▶ **SUPPLIED DATA**
====================

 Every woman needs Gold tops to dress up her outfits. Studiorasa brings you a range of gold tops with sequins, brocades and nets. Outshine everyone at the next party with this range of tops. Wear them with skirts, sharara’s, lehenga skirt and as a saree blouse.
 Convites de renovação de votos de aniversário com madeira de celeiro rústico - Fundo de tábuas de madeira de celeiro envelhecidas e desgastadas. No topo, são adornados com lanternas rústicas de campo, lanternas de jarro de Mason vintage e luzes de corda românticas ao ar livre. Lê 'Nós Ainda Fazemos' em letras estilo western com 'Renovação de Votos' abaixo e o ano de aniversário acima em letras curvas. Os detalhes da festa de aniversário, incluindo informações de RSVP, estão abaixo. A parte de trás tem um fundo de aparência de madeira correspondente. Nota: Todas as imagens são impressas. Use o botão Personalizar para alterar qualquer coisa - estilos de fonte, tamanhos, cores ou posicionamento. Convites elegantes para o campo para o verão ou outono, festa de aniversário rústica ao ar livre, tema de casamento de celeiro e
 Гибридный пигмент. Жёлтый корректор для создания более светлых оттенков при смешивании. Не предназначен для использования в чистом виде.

====================

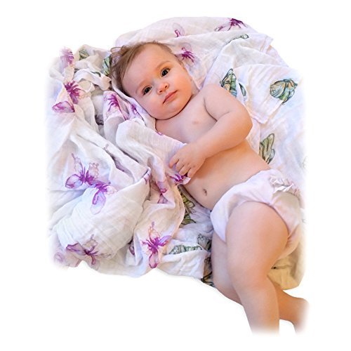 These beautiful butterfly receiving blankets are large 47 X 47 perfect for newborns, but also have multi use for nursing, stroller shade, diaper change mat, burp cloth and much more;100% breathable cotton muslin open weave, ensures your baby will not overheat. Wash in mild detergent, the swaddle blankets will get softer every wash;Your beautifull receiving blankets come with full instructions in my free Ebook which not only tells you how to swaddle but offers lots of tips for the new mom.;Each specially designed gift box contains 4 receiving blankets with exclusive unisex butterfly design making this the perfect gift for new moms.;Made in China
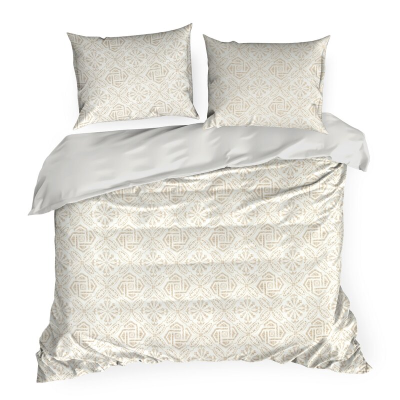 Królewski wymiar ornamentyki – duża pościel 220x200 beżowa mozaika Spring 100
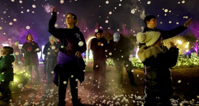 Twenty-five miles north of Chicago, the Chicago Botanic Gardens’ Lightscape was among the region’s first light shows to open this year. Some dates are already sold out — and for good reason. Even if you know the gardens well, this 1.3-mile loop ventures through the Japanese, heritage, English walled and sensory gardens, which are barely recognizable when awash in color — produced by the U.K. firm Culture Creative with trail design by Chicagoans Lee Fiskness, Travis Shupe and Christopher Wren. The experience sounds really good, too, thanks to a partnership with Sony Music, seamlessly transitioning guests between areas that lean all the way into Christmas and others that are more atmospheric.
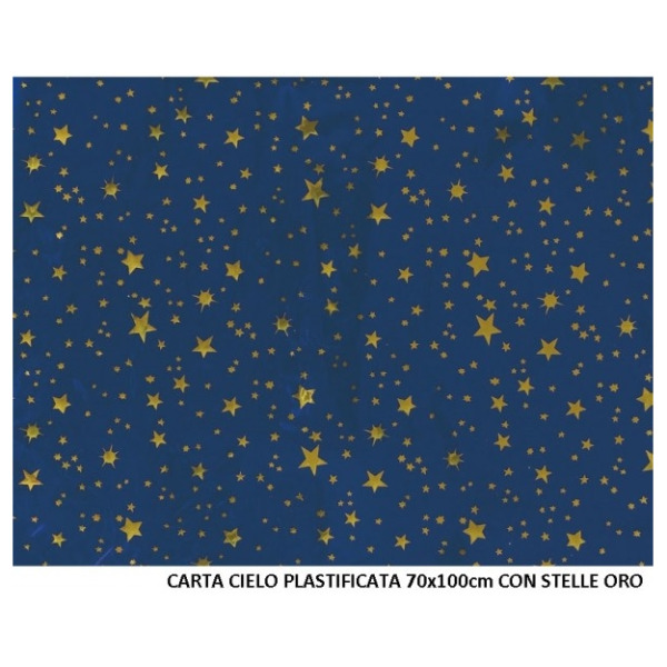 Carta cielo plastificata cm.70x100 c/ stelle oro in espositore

====================

▶ **GOAL OF THE EXERCISE**
Could you write out, exactly as they stand, only the lines above that begin at the line with "Convites de renovação" and stop after the line with "Гибридный пигмент. Жёлтый"?

▶ **RESPONSE FOR THIS EXERCISE**
 Convites de renovação de votos de aniversário com madeira de celeiro rústico - Fundo de tábuas de madeira de celeiro envelhecidas e desgastadas. No topo, são adornados com lanternas rústicas de campo, lanternas de jarro de Mason vintage e luzes de corda românticas ao ar livre. Lê 'Nós Ainda Fazemos' em letras estilo western com 'Renovação de Votos' abaixo e o ano de aniversário acima em letras curvas. Os detalhes da festa de aniversário, incluindo informações de RSVP, estão abaixo. A parte de trás tem um fundo de aparência de madeira correspondente. Nota: Todas as imagens são impressas. Use o botão Personalizar para alterar qualquer coisa - estilos de fonte, tamanhos, cores ou posicionamento. Convites elegantes para o campo para o verão ou outono, festa de aniversário rústica ao ar livre, tema de casamento de celeiro e
 Гибридный пигмент. Жёлтый корректор для создания более светлых оттенков при смешивании. Не предназначен для использования в чистом виде.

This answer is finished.